**Task:** Output the first line below and each one after it, exactly, up to and including the line holding "Anillo en oro". Pictures should not be copied.

**Given data:**

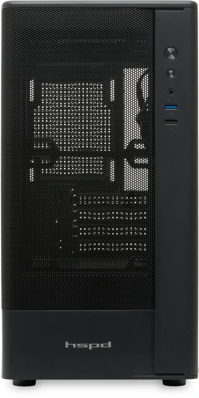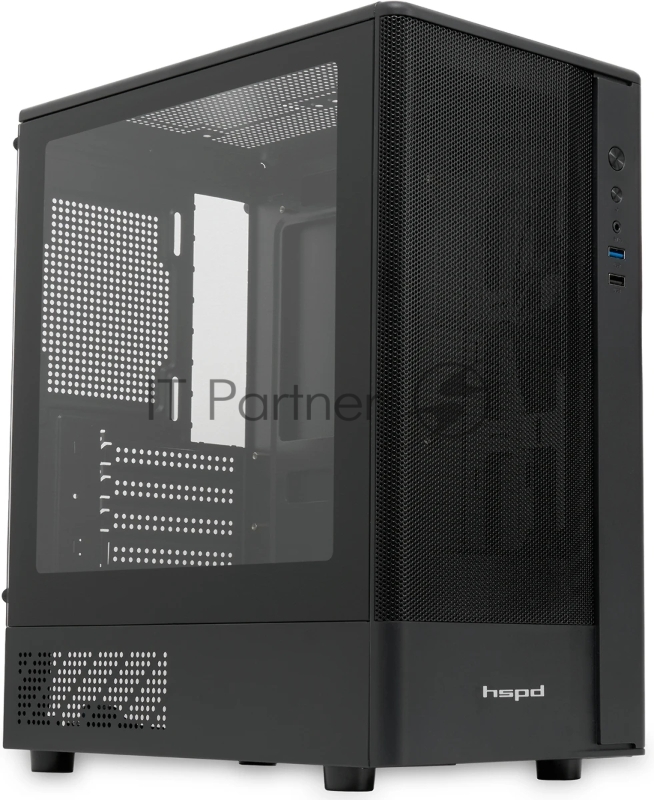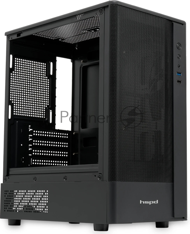 Корпус без блока питания/ Case HSPD M332, Mesh Mini-tower, Black, TG, 0.4 SPCC, no fans, mATX, mITX, 160/285/170mm, 1x2.5, 1x3.5, 4xPCI, 1xUSB-A 3.0, 1xUSB-A 1.0, 387x197x325mm
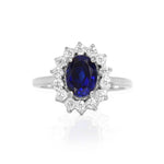 Anillo en oro blanco de 14k en forma de flor (estilo Lady Di) con zafiro corte oval de 1.80 quilates y diamantes alrededor de .03 qt cada uno, color G, claridad VS.
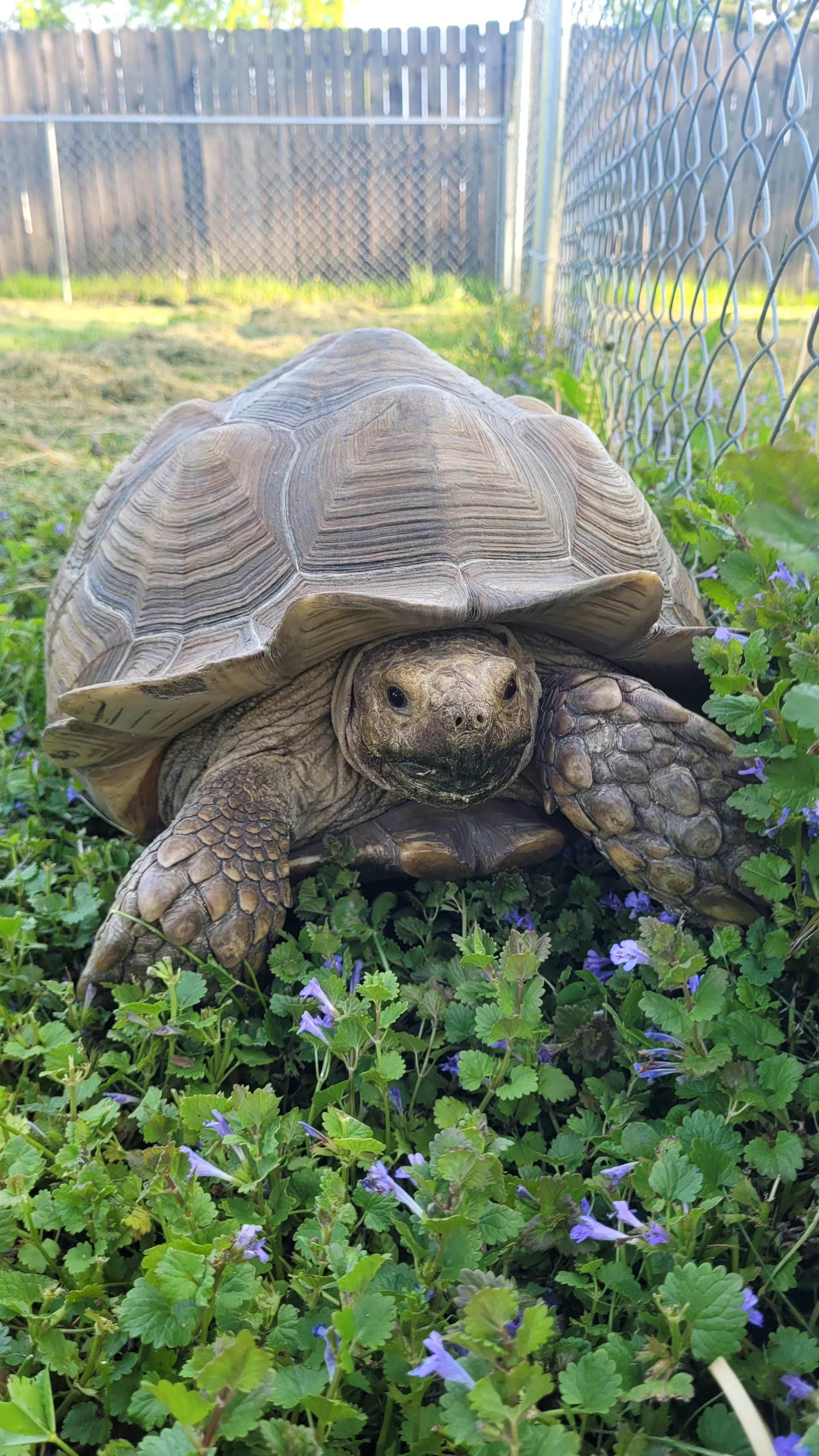 Here are some pictures of my son’s tortoise names, Zippy. He fenced off about 3,000 square feet of his yard for Zippy.

**Response to the exercise:**
 Корпус без блока питания/ Case HSPD M332, Mesh Mini-tower, Black, TG, 0.4 SPCC, no fans, mATX, mITX, 160/285/170mm, 1x2.5, 1x3.5, 4xPCI, 1xUSB-A 3.0, 1xUSB-A 1.0, 387x197x325mm
 Anillo en oro blanco de 14k en forma de flor (estilo Lady Di) con zafiro corte oval de 1.80 quilates y diamantes alrededor de .03 qt cada uno, color G, claridad VS.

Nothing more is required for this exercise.